With the online surge came the realization she didn’t have to base her business in California anymore. She kept the Carmel gallery, but moved the rest of her operation to McMinnville. Aaron Baker Construction finished the interiors of two 9,000-square-foot buildings to Hanson’s specifications.

The buildings at 1805 N.E. Colvin Court now hold all aspects of her business, from planning to painting to printing as well as storage in a warehouse managed by Garrett Robinson of McMinnville.

Hanson and her company wanted to bring everything under one roof. “It’s quicker and easier to control,” said gallery manager Amy Jensen Hanson, who goes by Jensen for business purposes. She is Hanson’s sister-in-law, as is Linda, the business manager. They and their husbands, Hanson’s brothers, moved to Yamhill County with the painter. So did Hanson’s parents. Controlling the quality of her project comes naturally to Hanson, Jensen said, explaining the painter is a perfectionist. For instance, she designed the molding for the frames used with her paintings, and, in her blog, advised collectors what colors to paint their walls in order to best display her work.

To give customers more options and make her prints stand out, Hanson purchased a huge scanner used for creating 3-D images. The scans go into a 3-D printer, which lays down multiple layers of paint to create textured prints that capture light much as an original oil painting does.

Printing is currently done off-site, but soon will be done in McMinnville, as well, Jensen said. 

The 3-D prints are so good, she said, that even staff members have to closely examine to make sure they aren’t actual paintings. One way to tell: prints are on board, rather than canvas. “They really can fool people,” Jensen said. “2-D prints are beautiful, but 3-D captures every nook and cranny. Erin’s vision as an artist really comes through.”

Jensen said the cutting-edge technology offers a satisfying option for buyers at less cost than originals. The 3-D prints range from about $1,000 to $1,500, or up to $5,000 if they are quite large. In contrast, a 30-by-40-inch original might run $13,000 or more.

Hanson’s work is available through her website, www.erinhanson.com, as well as being on display in her galleries. The new McMinnville gallery will draw customers from all over, Jensen said. “People will come here to see Erin’s paintings,” she said, “especially when her collections are released two or three times a year.”

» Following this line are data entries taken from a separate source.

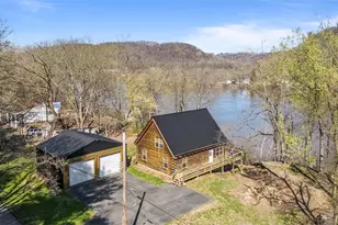 Truly one-of-a-kind log home situated directly on the river with unbeatable views and water access. Just a few years old, this custom-built retreat blends rustic charm with modern upgrades. Step inside to soaring ceilings, an open floorplan, and windows that frame the river from nearly every angle. The main level features a spacious living room, updated kitchen with stainless steel appliances and tons of cabinetry, open dining area, two bedrooms, full bath, and first-floor laundry. Upstairs, a cozy den and a stunning master suite with oversized windows, full bath, and walk-in closets overlook the water. The unfinished walk-out basement offers endless potential. Outside, enjoy panoramic views from the full wraparound deck, a detached two-car garage, and a beautifully landscaped yard. Tucked away for ultimate privacy, yet minutes to everything-this is the rare riverfront home you've been waiting for.
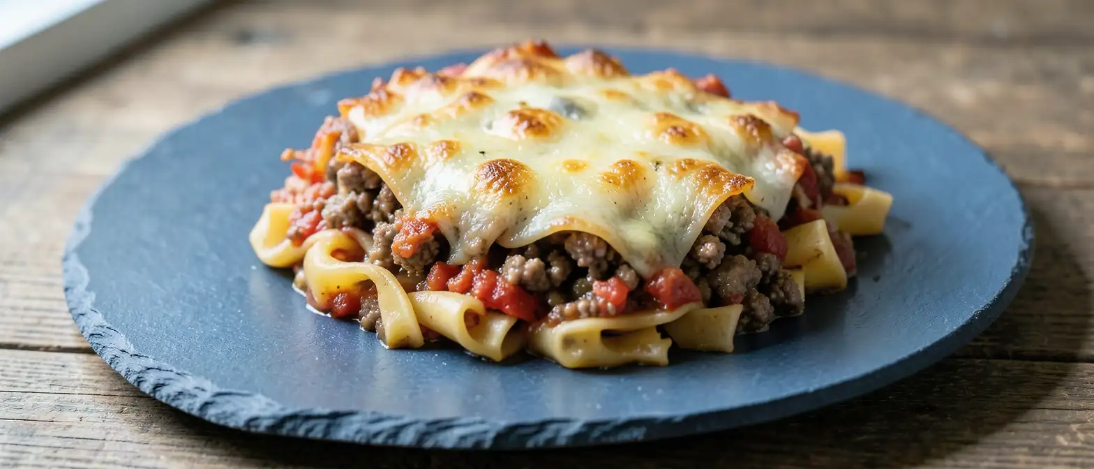 6.Eine Auflaufform mit Fett ausstreichen. Die Nudel-Hackfleisch-Mischung einfüllen und glatt streichen.
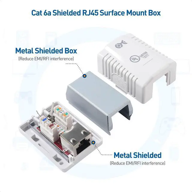 Cat6A Performance: The rj45 surface mount box supports Cat6A Ethernet cabling for unmatched 10Gbps performance; Superior shielding prevents network interference issues, enabling effortless connectivity ^^
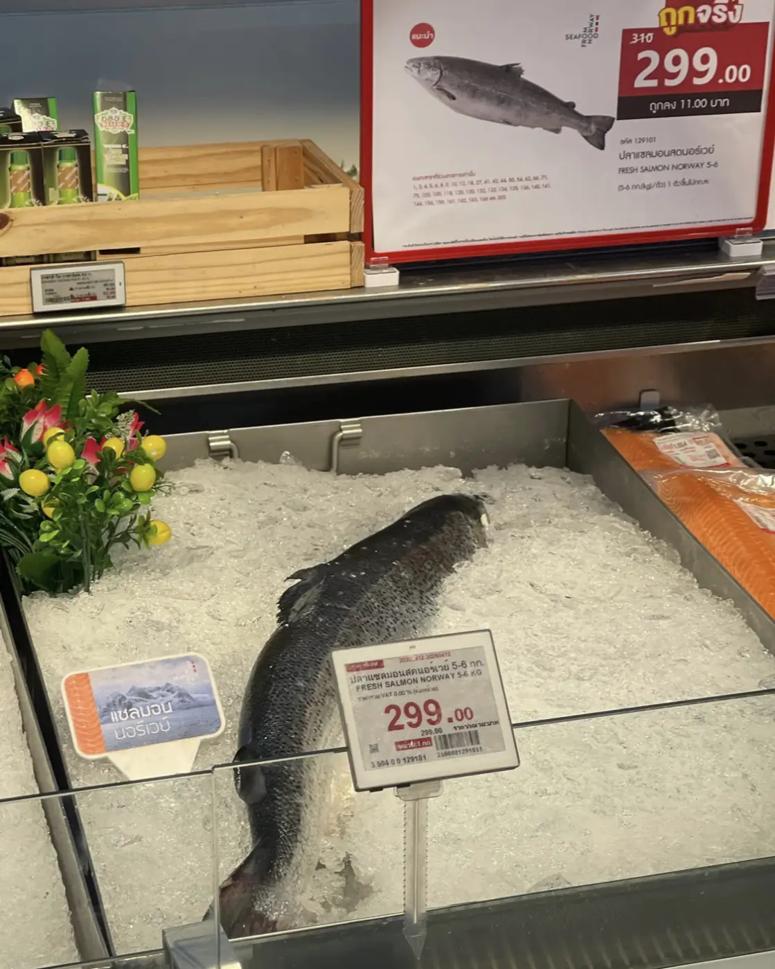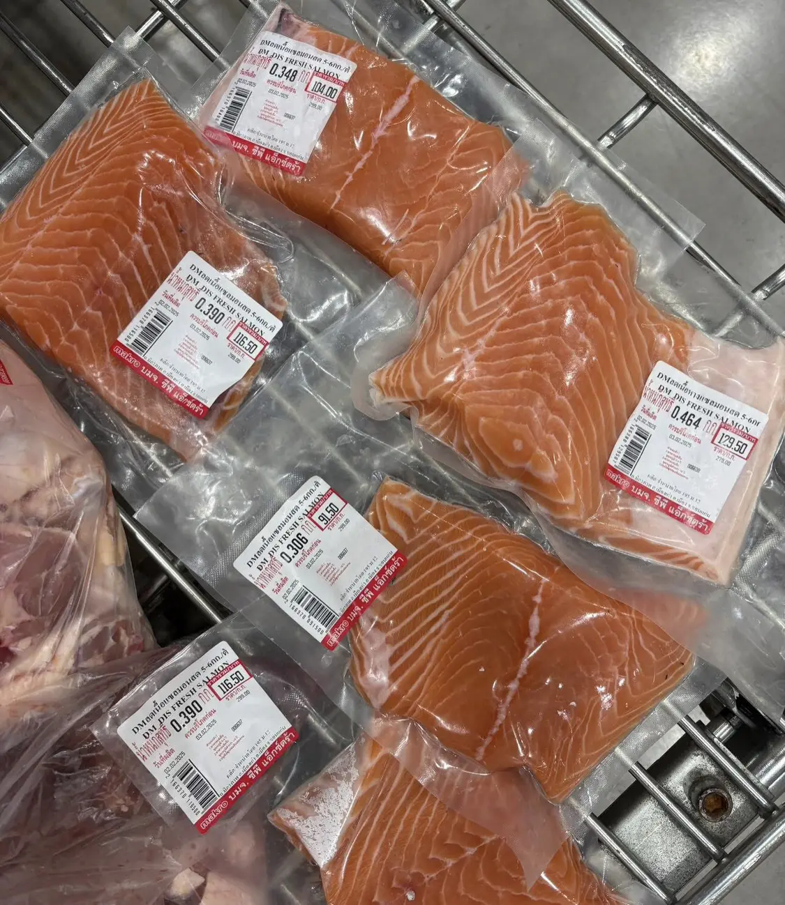 แซลม่อนที่ว่าราคาแพงมาดูตรงนี้ ชิ้นใหญ่มากแต่ราคาไม่ถึงร้อยบาท และร้อยต้นๆ อย่างนี้ถูกใจแม้บ้านกันเลย
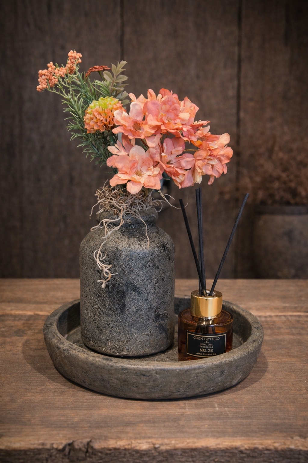 Sfeersetje met rond vaasje & geur diffuser
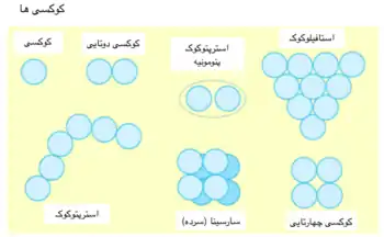 - دیپلوکوکسیها یا کوکسی دوتایی که بهصورت دستههای دوتایی زندگی میکنند مانند استرپتوکوک پنومونیه و نایسریا گونوره.
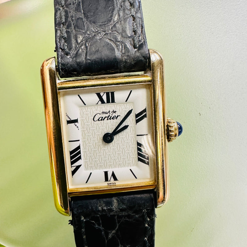 Must de Cartier Tank White Face and Black Strap Watch 23mm
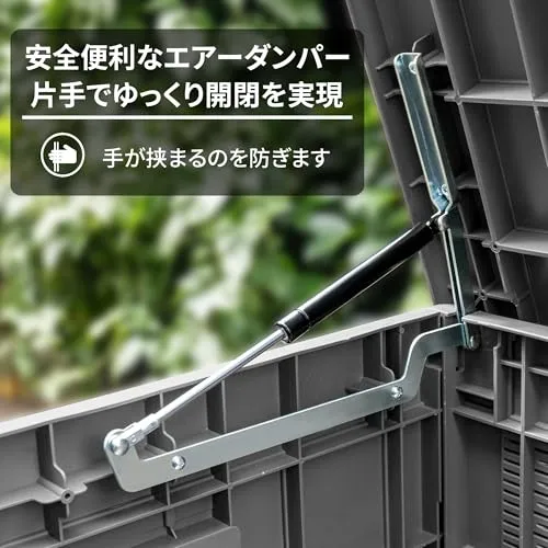 「豊富な機能・使い便利」:蓋の開閉はエアーダンパーの構造を採用しています。片手で軽い力で蓋を開閉でき、使い便利!また、開けったり閉めたり速度が緩やかになって、手が挟まれるのを防ぐことができます。両サイドに取っ手がついているので、箱を運ぶときに便利です。蓋に南京錠取付可能な構造がついており、別売りの南京錠を取り付けていただくことで盗難対策が可能です。

A grand opening event is planned for 2 to 6 p.m. Aug. 14. However, local customers and visitors will be able to see it sooner: Jensen said a “soft opening” starts this week, with the gallery open from 10 a.m. to 6 p.m. Tuesday through Saturday. For more information, go to the website or call 503-334-3670.


News Register article A2


News Register article A3

About Erin

ERIN HANSON has been painting in oils since she was 8 years old. As a teenager, she apprenticed at a mural studio where she worked on 40-foot-long paintings while selling art commissions on the side. After being told it was too hard to make a living as an artist, she got her degree in Bioengineering from UC Berkeley. Afterward, Erin became a rock climber at Red Rock Canyon, Nevada. Inspired by the colorful scenery she was climbing, she decided to return to her love of painting and create one new painting every week.

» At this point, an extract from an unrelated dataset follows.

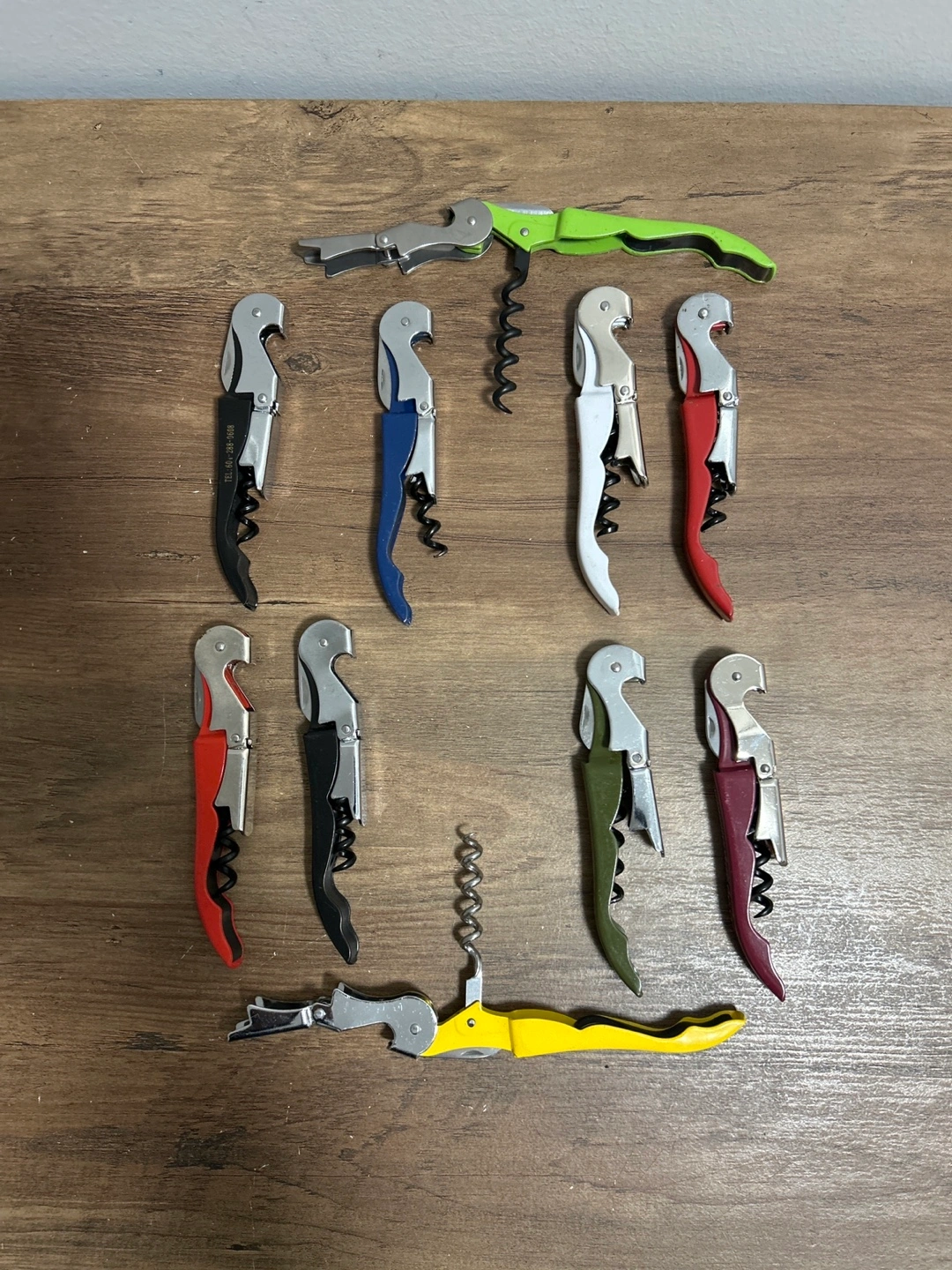 A collection of assorted corkscrews in various colours, including black, red, white, blue, green, yellow, and burgundy. These are winged corkscrews, a popular style for opening wine bottles. A great addition for any home bar or kitchen!
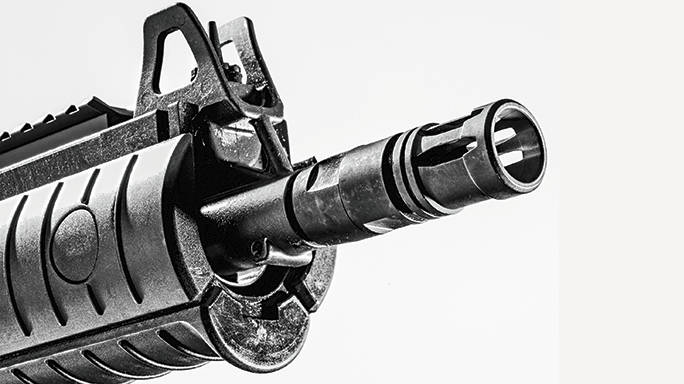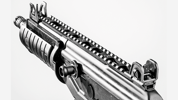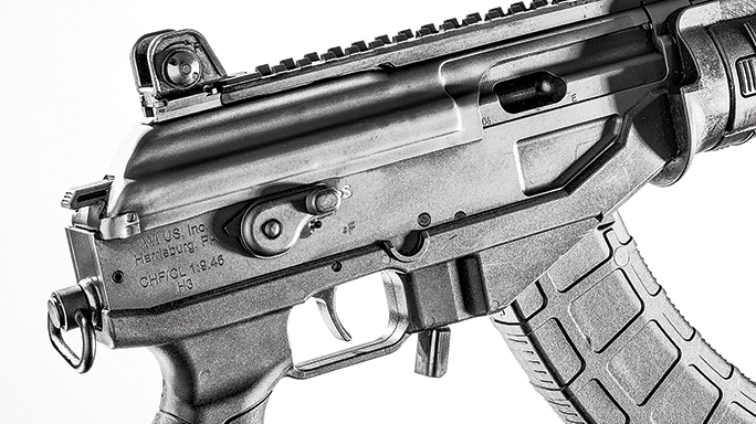 The details are variations on the Kalashnikov theme. Standard magazines rock in and out, but the polymer housing precludes the use of drums. While some may grouse that this rocking motion is tedious, the upside is that the resulting leverage will seat a magazine painlessly, even if it is topped off tight. The rigid, reciprocating, left-sided charging handle is markedly faster to manage than the right-sided AK counterpart, and the thumb-activated safety is a mighty improvement over the original.

She has stuck to that decision, becoming one of the most prolific artists in history, with over 3,000 oil paintings sold to eager collectors. Erin Hanson’s style is known as "Open Impressionism" and is taught in art schools worldwide. With millions of followers, Hanson has become an iconic, driving force in the rebirth of impressionism, inspiring thousands of other artists to pick up the brush.